[Record set]
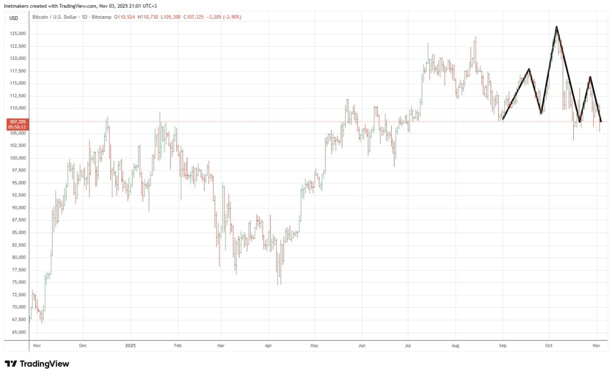 Среднесрочная голова-плечи в Биткойне, вот можно проверить как работает технический анализ!
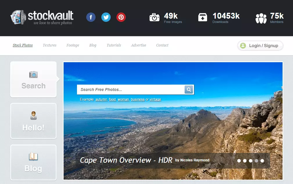 На фотостоке собраны работы фотографов-любителей. В тринадцати категориях сайта можно найти изображения на любые темы, от архитектуры и бизнеса до природы и световых эффектов.
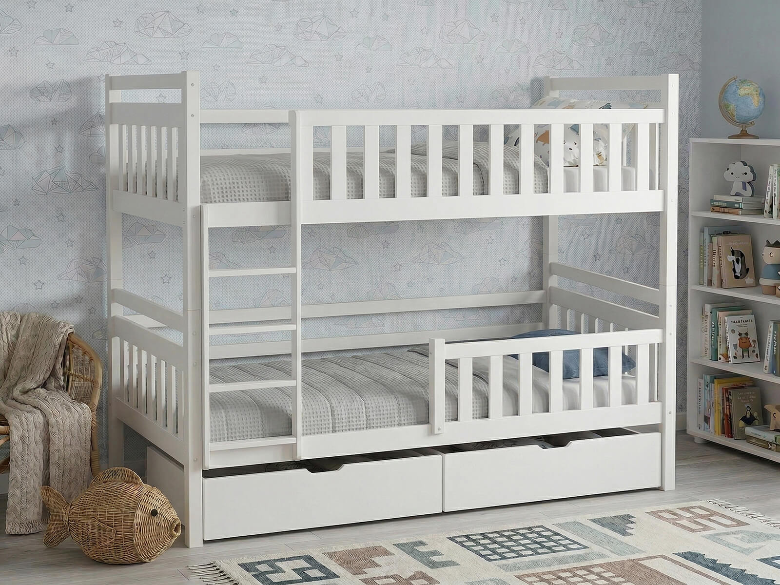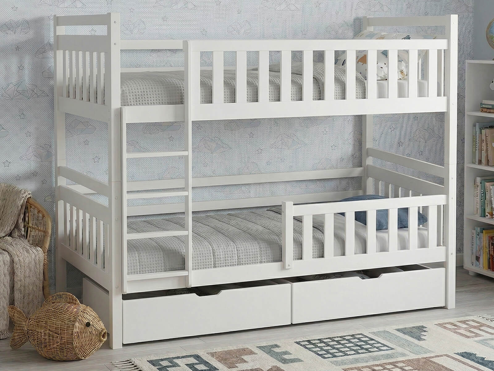 Két fekvőhely – A kialakítás kényelmes használatot tesz lehetővé két gyermek vagy testvér számára. A skandináv stílusú funkcionalitás maximálisan kihasználja a szoba terét.
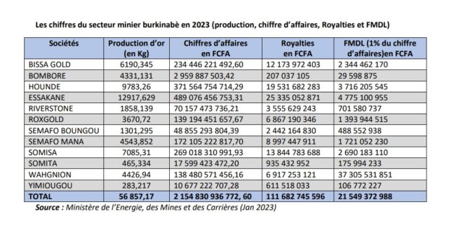 Les recettes directes au budget de l’Etat en 2023 s’élèvent à 529 milliards FCFA, contre 540 milliards de FCFA en 2022 et 470 milliards de FCFA en 2021. Les royalties ont été facturées à 111 682 milliards FCFA contre 103 milliards FCFA en 2022. Le fonds minier de développement local étant alimenté par 1% du Chiffre d’affaires des sociétés minières et 20% des royalties, la somme collectée en 2023 s’élève à 43,886 milliards FCFA dont 21,550 milliards FCFA représentant les 1% du chiffre d’affaires des sociétés minières en production et 22,336 milliards FCFA représentant 20% des royalties.
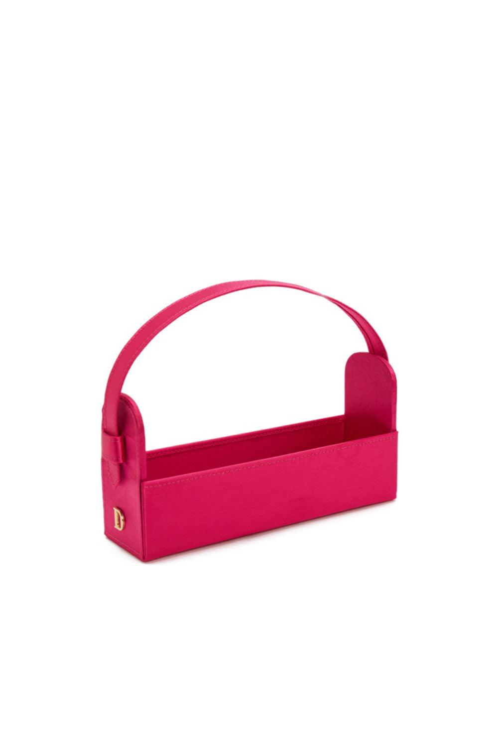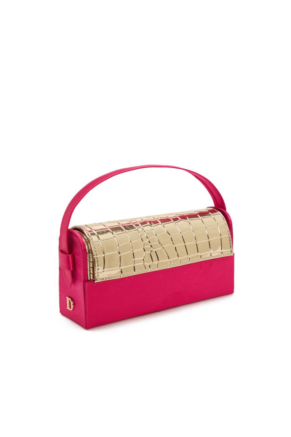 Çıkarılabilir çanta sapı mevcuttur. 2 ayrı parçadan oluşur. 2 çeşit kullanım özelliği vardır. Manyetik kapatmalı ve gold amblem detaylı , Gold & Fuşya renkli çantadır. Toz torbası ile birlikte gelir
[/Record set]
What you should do :: Exact copy, no pictures: please print the data above once more.

Task output ::
 Среднесрочная голова-плечи в Биткойне, вот можно проверить как работает технический анализ!
 На фотостоке собраны работы фотографов-любителей. В тринадцати категориях сайта можно найти изображения на любые темы, от архитектуры и бизнеса до природы и световых эффектов.
 Két fekvőhely – A kialakítás kényelmes használatot tesz lehetővé két gyermek vagy testvér számára. A skandináv stílusú funkcionalitás maximálisan kihasználja a szoba terét.
 Les recettes directes au budget de l’Etat en 2023 s’élèvent à 529 milliards FCFA, contre 540 milliards de FCFA en 2022 et 470 milliards de FCFA en 2021. Les royalties ont été facturées à 111 682 milliards FCFA contre 103 milliards FCFA en 2022. Le fonds minier de développement local étant alimenté par 1% du Chiffre d’affaires des sociétés minières et 20% des royalties, la somme collectée en 2023 s’élève à 43,886 milliards FCFA dont 21,550 milliards FCFA représentant les 1% du chiffre d’affaires des sociétés minières en production et 22,336 milliards FCFA représentant 20% des royalties.
 Çıkarılabilir çanta sapı mevcuttur. 2 ayrı parçadan oluşur. 2 çeşit kullanım özelliği vardır. Manyetik kapatmalı ve gold amblem detaylı , Gold & Fuşya renkli çantadır. Toz torbası ile birlikte gelir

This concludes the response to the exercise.